Wednesday, July 8, 2020

SEBI ORDER PENDING FOR BEES SAAL, 2 DECADES - TAKEOVER OF POLO HOTELS LTD.


SMALL INVESTORS’ WELFARE ASSOCIATION
Regn No. F-72744 (M)
With a legacy of 25 years of investor protection services

TEXT OF LETTER WRITTEN TO SEBI
Sub. IMPLEMENTATION OF YOUR ORDER DATED 1ST AUGUST 2003 POLO HOTELS LTD.

SEBI order of 1st  August  2003 having been upheld at all the forums right up to the Supreme Court has not yet been implemented. The biggest challenge in front of SEBI is to get this order implemented and mitigate the sufferings of small shareholders who are suffering for no fault of theirs. On top of this, the practice of allowing the defaulters to pay interest only to the original shareholders has cut the liberties of the poor shareholders to use their own savings for their personal emergency. The case of the biggest non-promoter shareholder  is a great example. he is an highly decorated soldier, now aged about 75 and sick. He is an spinster  and leaves alone at Chandigarh with no one to take care of him. He had invested huge amount in the then most happening hotel company in his city –POLO HOTELS LTD.  He has been holding the shares from a date prior to its takeover. Today, he is living on borrowed money as his investment of crores in Polo Hotels Ltd. is stuck. Because of old age and no personal support/ assistance he often falls down and at times gets admitted to the military hospital, not only for treatment but also for convalescence, since he cannot afford any nurse etc. at home, inspite of crores of Rupees invested in shares of Polo Hotels Ltd.
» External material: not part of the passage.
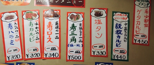 焼肉、ホルモンメニュー1!
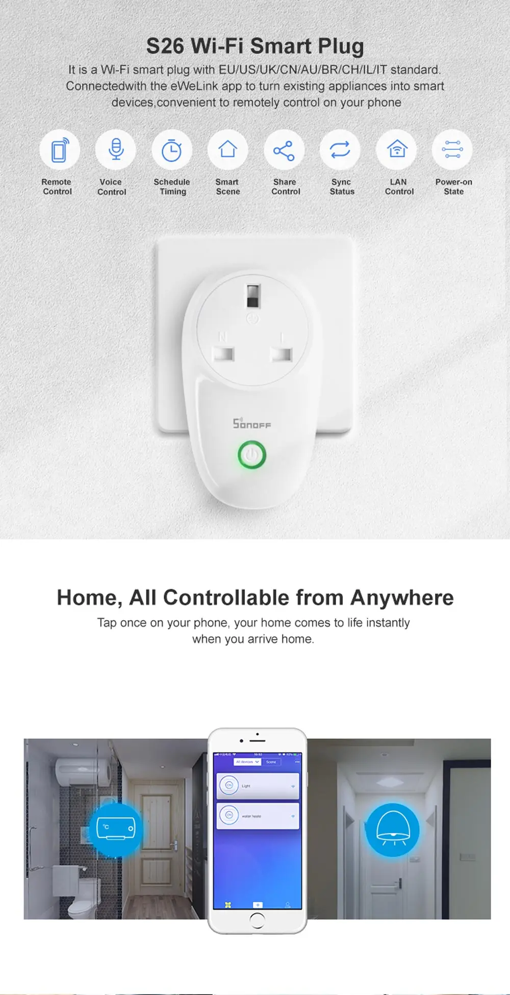 Умная розетка Itead SONOFF S26, Wi-Fi, EU-E/EU-F/UK/AU/US/BR/IT/IL/CH/CN, таймер, настенная розетка, e-WeLink, вилки, работают с Alexa

He cannot sell the shares in Polo Hotels Ltd.  because of fear of losing out on substantial amount to be received as interest for the period of delay; simple interest amount @ 15% ( as per SEBI order dated 01.08.03),for 20 years would be whopping 300% !!! .

The I have been requesting SEBI to implement the offer out of funds from IPEF and after recovery from the acquirers the amount can be replenished. SEBI has, no doubt, passed some very strong and path breaking orders  including the one for disgorgement of  Rs. 11,82,32,526  yet the investors’  misery has not reduced. All the actions by SEBI till date have failed to provide any relief to investors who are suffering for more than 2 decades. The offer is still pending for more than 20 years. 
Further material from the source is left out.